Lower courts have struggled to maintain some semblance of equity notwithstanding the enormous breadth of the preemption test, one that turns on whether the claim is ‘related to’ a benefit plan, inter alia, by identifying exceptions to section 514 preemption, such as that for medical malpractice liability. And in terms of the remedial scope of section 502, they have struggled to make sense out of the distinction between eligibility decisions (which are preempted) and medical decisions (which are not), a hopeless endeavor, as I shall explain. Unfortunately, the price of all this has been descent into a Serbonian bog wherein judges are forced to don logical blinders and split the linguistic atom to decide even the most routine cases.” (Footnote 1 to the concurring opinion explains that a “serbonian bog is a mess from which there is no way of extricating oneself.” According to the opinion, the Serbonian bog “was between Egypt and Palestine.” The footnote goes on to say that “Hume said that whole armies have been lost therein. . .”

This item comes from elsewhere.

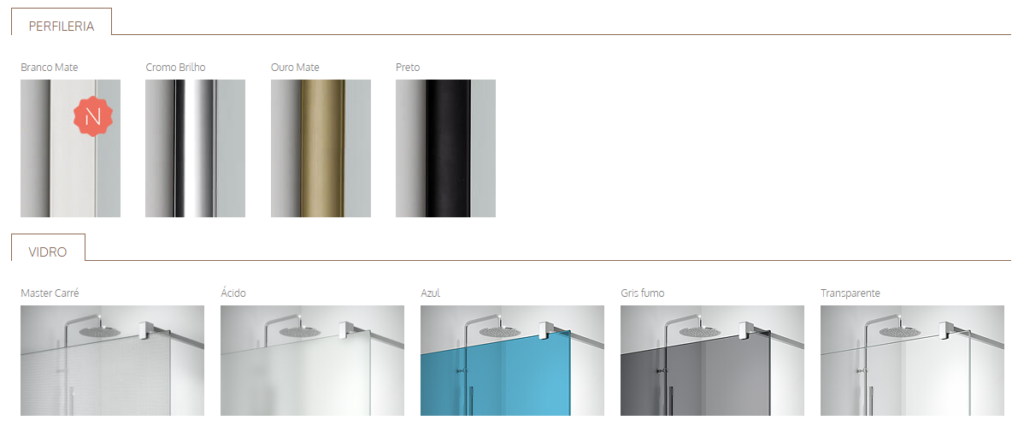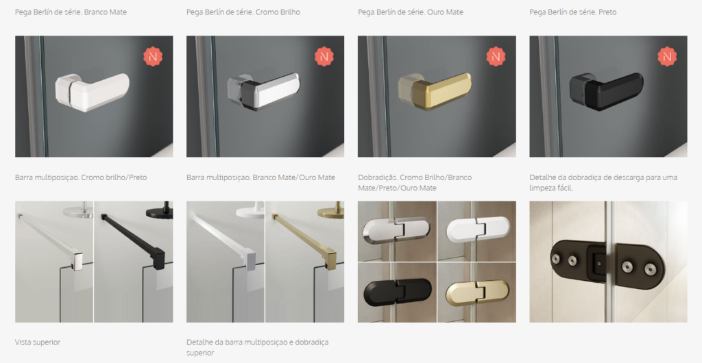 Acabamentos disponíveis: Cromo, Preto, Ouro e Branco mate.

2. “. . . ERISA generally, and section 514(a) particularly, have become virtually impenetrable shields that insulate plan sponsors from any meaningful liability for negligent or malfeasant acts committed against plan beneficiaries in all too many cases. This has unfolded in a line of Supreme Court cases that have created a ‘regulatory vacuum’ in which virtually all state law remedies are preempted but very few federal substitutes are provided.”
3. “. . .the root of courts’ ERISA preemption nightmare is that ERISA forces them to distinguish between eligibility and treatment decisions while providing a remedial structure that makes the two virtually synonymous. For participants, the torment is still greater: ERISA de facto places the HMO in control of the treatment a participant receives, yet it preempts any state-law medical malpractice claim against that HMO and provides that the participant can recover no compensatory, punitive, or wrongful-death damages regardless of its malfeasance. This situation has arisen because ERISA has failed to evolve to accommodate the rise of HMOs, which did not even exist when ERISA was enacted in 1974.”
4. “Even if Congress refuses to act, however, the Supreme Court, in its interpretive capacity, is capable of effecting salutary change in many ways. The Court has no crystal ball, and twenty years ago it could not have foreseen the radical changes that have overtaken the health care system, and the difficulties that its preemption decisions would create. The time might be right to reconsider the string of holdings, epitomized by Russell and Mertens, that rule out the possibility of recovering compensatory damages under ERISA section 503(a)(3). See generally John H. Langbein, What ERISA Means by “Equitable”: The Supreme Court’s Trail of Error in Russell, Mertens, and Great-West, Yale Law School Center for Law, Economics, and Public Policy, Research Paper No. 269.”